[Materials provided Boundary: Start]
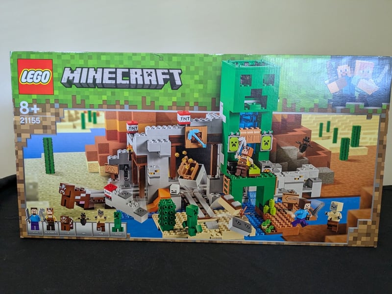 Lego Minecraft Set 21155 Featuring A Multi-Level Mine Structure With Creeper Character, Tnt Blocks, Minecart Track System, And Multiple Minifigures Including Steve And Zombie Variants. Includes Modular Green Creeper Head Structure, Underground Cavern Sections, Water Features, And Comprehensive Accessories. Original Packaging With Construction Imagery And Instruction References Visible.
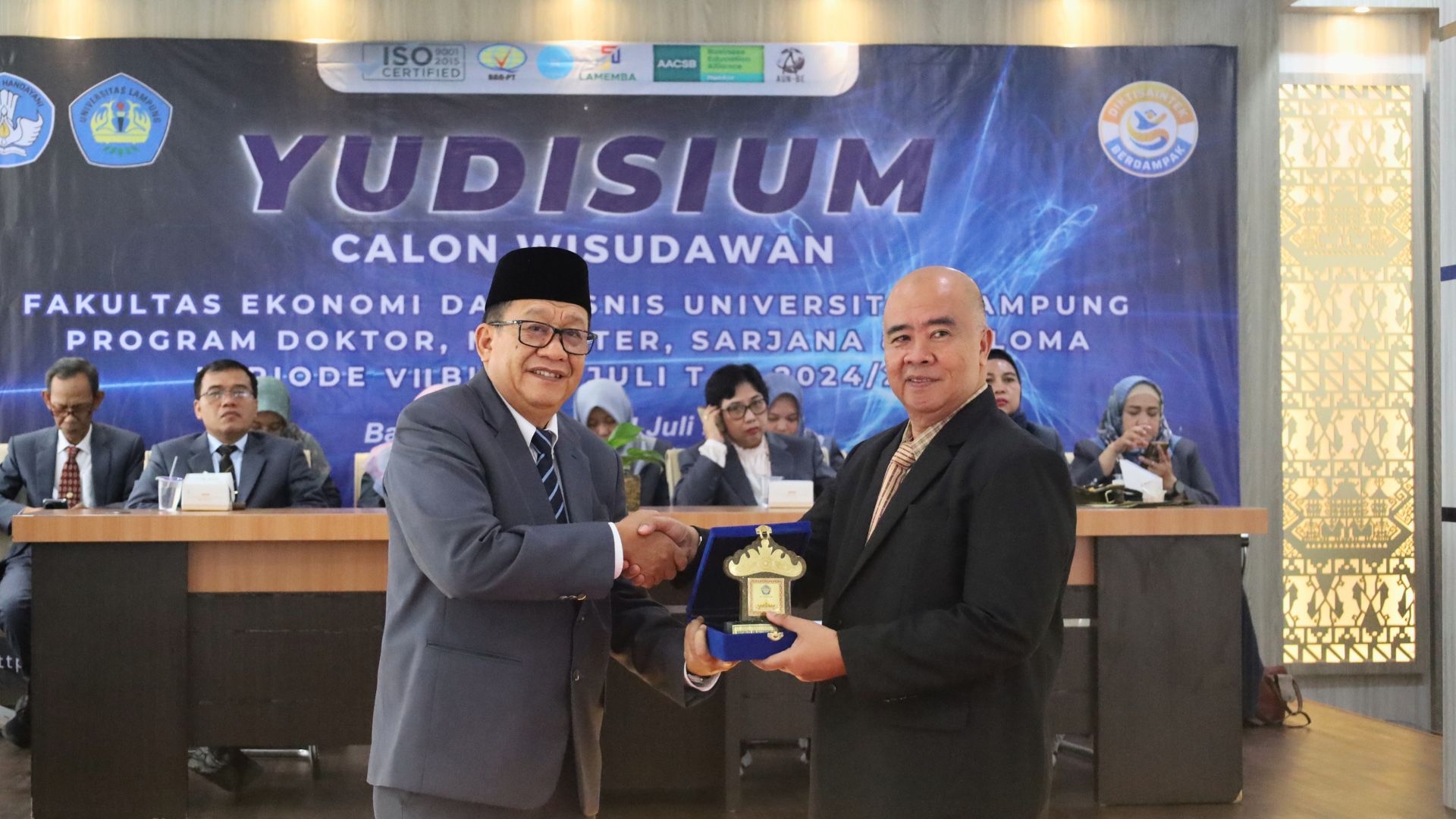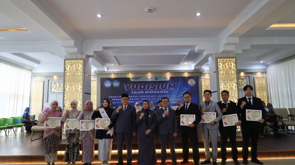 FEB Unila – Fakultas Ekonomi dan Bisnis ( FEB) Universitas Lampung (Unila) kembali gelar Yudisium Calon Wisudawan Periode VII T.A 2024/2025 pada hari Kamis, 24 Juli 2025, di Auditorium Student Center FEB. Acara berlangsung khidmat dan dihadiri langsung oleh pimpinan fakultas, dosen, tenaga kependidikan, serta keluarga calon wisudawan.
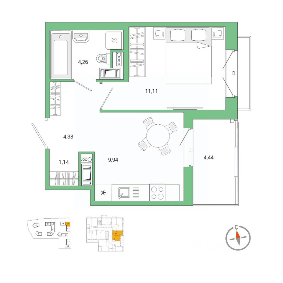Продаётся 1-комнатная квартира в сданном доме (4 очередь, корпус 1), срок сдачи: III-кв. 2025, общей площадью 33.15 кв.м., на 11 этаже. Расположение, транспортная доступность
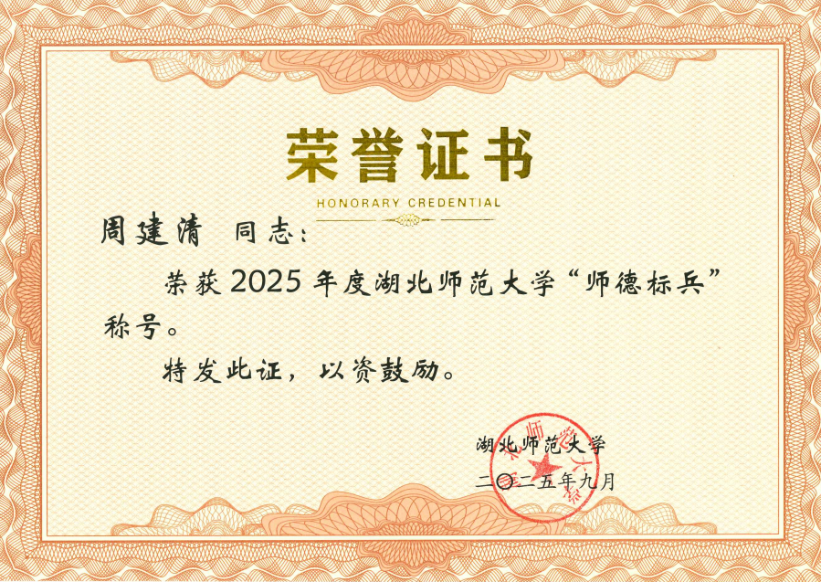 周建清老师用实际行动诠释了“学高为师、身正为范”的深刻内涵。他以扎实的专业素养、高尚的师德品格和无私奉献的精神,成为学生心中的好老师、成长路上的引路人。他也先后荣获“师德优秀”、“教学优秀”、“综合优秀”、“优秀学士学位论文指导教师”等多项荣誉称号。
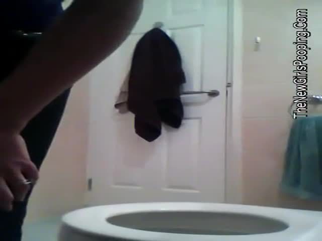 Hot wife gets naked in front of the camera so she can easily poop over toilet.
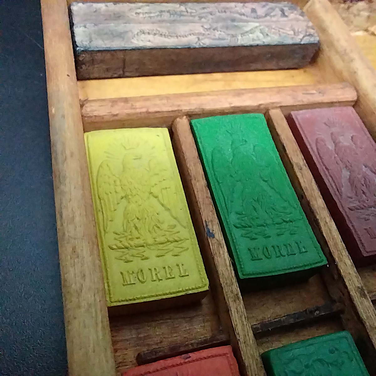 1 scomparto con 14 bastoncini di colore firmati Morel, 4 ciotole mescolatrici in porcellana, 1 pennello.
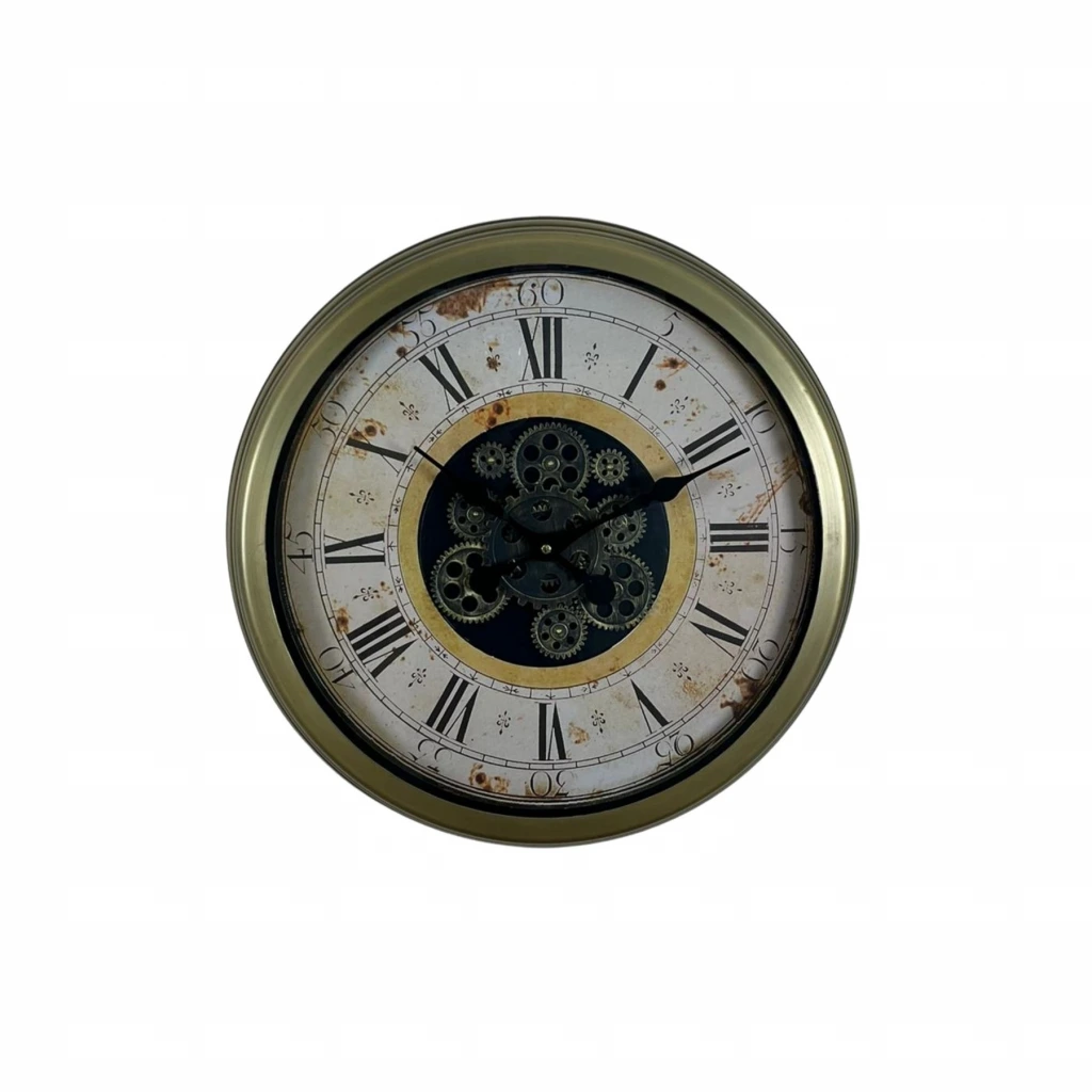 Merkezde konumlanan dekoratif hareketli çark mekanizması, saatin klasik yapısını mekanik bir detayla tamamlar. 60 cm geniş çapı sayesinde özellikle büyük salon duvarlarında, ofislerde, kafe ve restoran dekorasyonlarında güçlü bir odak noktası oluşturur.
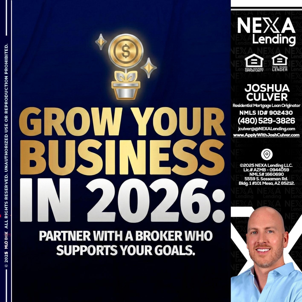 Hi, my name is Joshua Culver. I’m a Loan Officer with NEXA Lending LLC., offering personalized mortgage solutions, fast customized quotes, great rates and service with integrity.
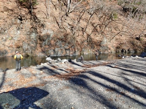 群馬県上野村 冬季マス釣り場 ( ハコスチ ) 釣り人が沢山
[Materials provided Boundary: End]
■ **What needs to be done**: Please print the entries above exactly. Skip every picture.

■ **Your solution**:
 Lego Minecraft Set 21155 Featuring A Multi-Level Mine Structure With Creeper Character, Tnt Blocks, Minecart Track System, And Multiple Minifigures Including Steve And Zombie Variants. Includes Modular Green Creeper Head Structure, Underground Cavern Sections, Water Features, And Comprehensive Accessories. Original Packaging With Construction Imagery And Instruction References Visible.
 FEB Unila – Fakultas Ekonomi dan Bisnis ( FEB) Universitas Lampung (Unila) kembali gelar Yudisium Calon Wisudawan Periode VII T.A 2024/2025 pada hari Kamis, 24 Juli 2025, di Auditorium Student Center FEB. Acara berlangsung khidmat dan dihadiri langsung oleh pimpinan fakultas, dosen, tenaga kependidikan, serta keluarga calon wisudawan.
Продаётся 1-комнатная квартира в сданном доме (4 очередь, корпус 1), срок сдачи: III-кв. 2025, общей площадью 33.15 кв.м., на 11 этаже. Расположение, транспортная доступность
 周建清老师用实际行动诠释了“学高为师、身正为范”的深刻内涵。他以扎实的专业素养、高尚的师德品格和无私奉献的精神,成为学生心中的好老师、成长路上的引路人。他也先后荣获“师德优秀”、“教学优秀”、“综合优秀”、“优秀学士学位论文指导教师”等多项荣誉称号。
 Hot wife gets naked in front of the camera so she can easily poop over toilet.
 1 scomparto con 14 bastoncini di colore firmati Morel, 4 ciotole mescolatrici in porcellana, 1 pennello.
 Merkezde konumlanan dekoratif hareketli çark mekanizması, saatin klasik yapısını mekanik bir detayla tamamlar. 60 cm geniş çapı sayesinde özellikle büyük salon duvarlarında, ofislerde, kafe ve restoran dekorasyonlarında güçlü bir odak noktası oluşturur.
 Hi, my name is Joshua Culver. I’m a Loan Officer with NEXA Lending LLC., offering personalized mortgage solutions, fast customized quotes, great rates and service with integrity.
 群馬県上野村 冬季マス釣り場 ( ハコスチ ) 釣り人が沢山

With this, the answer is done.